Clojure isn't particularly well suited to avoiding problems like this. I've written a lot of Clojure for work and for open source.

We need pure, typed FP langs like Haskell/Agda/Idris.

To boot, I'm having a much more enjoyable and relaxing time in a Haskell REPL than I was in my Clojure REPL.

Somebody I follow on Twitter just said something apropos:

"girl are you Clojure because when I'm with you I have a misplaced sense of [optimism] about my abilities until I enter the real world"

loumf · on April 16, 2014

I don't think clojure (or lisp) was designed to avoid line-duplication errors. It's mostly an accident of it being not very line oriented.

I just randomly picked a function from core to illustrate this, but a lot of clojure code looks similar

     (defn filter
       "Returns a lazy sequence of the items in coll for which
       (pred item) returns true. pred must be free of side-effects."
       {:added "1.0"
        :static true}
       ([pred coll]
        (lazy-seq
         (when-let [s (seq coll)]
           (if (chunked-seq? s)
             (let [c (chunk-first s)
                   size (count c)
                   b (chunk-buffer size)]
               (dotimes [i size]
                   (when (pred (.nth c i))
                     (chunk-append b (.nth c i))))
               (chunk-cons (chunk b) (filter pred (chunk-rest s))))
             (let [f (first s) r (rest s)]
               (if (pred f)
                 (cons f (filter pred r))
                 (filter pred r))))))))

There are very few lines of this function that can be duplicated without causing a syntax error because parens will be unbalanced.

I see two:

In a let with more than two bindings, you could repeat the middle ones. In clojure, this is very likely to be idempotent. In this code, it's the

        size (count c)

In any function call with more than two arguments, if the middle ones are put on their own line, they could be repeated, like this in the final 'if'

        (cons f (filter pred r))

In many cases, you will fail the arity check (for example in this case). If not, the function should fail spectacularly if you run it.

So, I think it's accidentally less likely to have problems with bad merges and accidental edits (not designed to have that property)

lgas · on April 17, 2014

Of course it's just as easy to duplicate a form as a line. When I edit Clojure code I use paredit so I'm editing the structure of the code instead of the text. Instead of accidentally "cut this line then paste twice" I could easily do "cut this form then paste it twice". Paredit will make sure I never have bad syntax but now I have the logically equivalent mistake.

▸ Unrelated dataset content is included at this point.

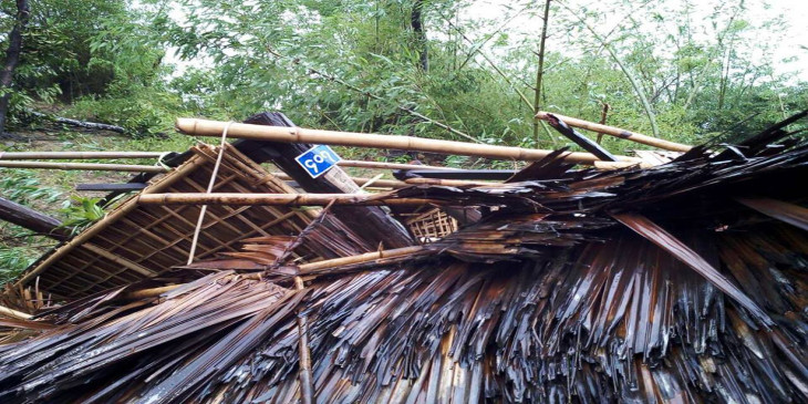 “ဟုတ္ကဲ့ မေန႔က ၁၂း၃၀ မွာ ေလဆင္ႏွာေမာင္းတိုက္တာပါ။ အရမ္းကိုေၾကာက္ဖို႔ ေကာင္းပါတယ္။ အိမ္ေျခက ၃၆ လုံးရယ္၊ အိမ္ေထာင္စု ၃၈ စုက လူဦးေရ ၁၆၉ ဦး အိုးမဲ့အိမ္မဲျဖစ္သြားပါတယ္။ ေနာက္ၿပီး အသက္ ၁၁ အရြယ္ကေလးမတစ္ေယာက္ ျပင္းထန္ဒဏ္ရာရပါတယ္။ အခုအေျခအေနက သူတို႔ေတြ စာသင္ေက်ာင္းမွာ တ၀က္နဲ႔ ေက်းရြာဘုန္းေတာ္ႀကီး ေက်ာင္းမွာ တ၀က္ထားပါတယ္။ ေက်းရြာမွာရွိတာေတြကို ေ၀ငွၿပီး စားေသာက္ေနရပါတယ္။ အေရး တႀကီးကေတာ့ ကယ္ဆယ္ေရးေတြ လိုေနပါတယ္။”

yohanatan · on April 16, 2014

Your analysis only holds if closing parentheses are all gathered on the same line as final expressions (which may not be true for some styles).

chc · on April 16, 2014

It is considered unidiomatic in every Lisp I am aware of to orphan parens. To some degree this is a stylistic concern, but it's a much more open-and-shut case than, say, C brace style.

loumf · on April 16, 2014

I'm not thinking this through completely, but it seems resilient to a lot of styles.

Function calls (which is a lot of what clojure is) are an open parens to start and very likely not to have that close on the same line (because you are building a tree of subexpressions).

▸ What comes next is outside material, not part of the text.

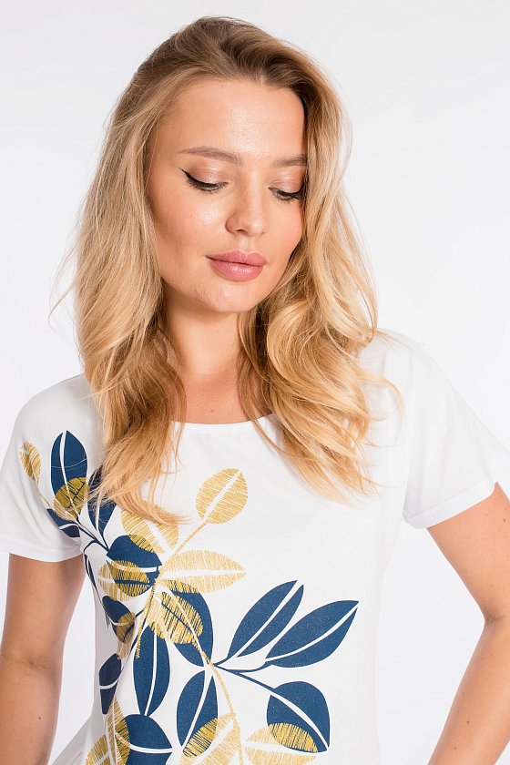 Футболка с цельнокроеным рукавом выполнена из хлопкового полотна с лайкрой. Горловина обработана бейкой. Спереди нанесён оригинальный принт.

Wherever you put the close (bunched or one per line), if you don't put it on the line with the original open, it will be unbalanced in both spots (meaning the first line and the last line can't be duplicated without causing a syntax error).

yohanatan · on April 16, 2014

True. But consider the form:

    (if (someExpr)
      (doTrueStuff)
    )

Then a duplication of the `doTrueStuff` line would lead to true stuff being done regardless of the truthiness of someExpr (as the third [optional] argument to `if` is the else branch).

This form is not entirely unheard of either. The overtone library for example assigns labels to its event handlers like such:

   (defn eventHandler ( ...
      stuff
   ) :: event_handler_label)

Jtsummers · on April 16, 2014

This is actually why I really like `cond` in Common Lisp (and other lisps and languages). You have to make explicit what should happen if your desired expression is true, and the only way to have an `else` clause is `(t ...)` so you have to intentionally create that last wildcard spot.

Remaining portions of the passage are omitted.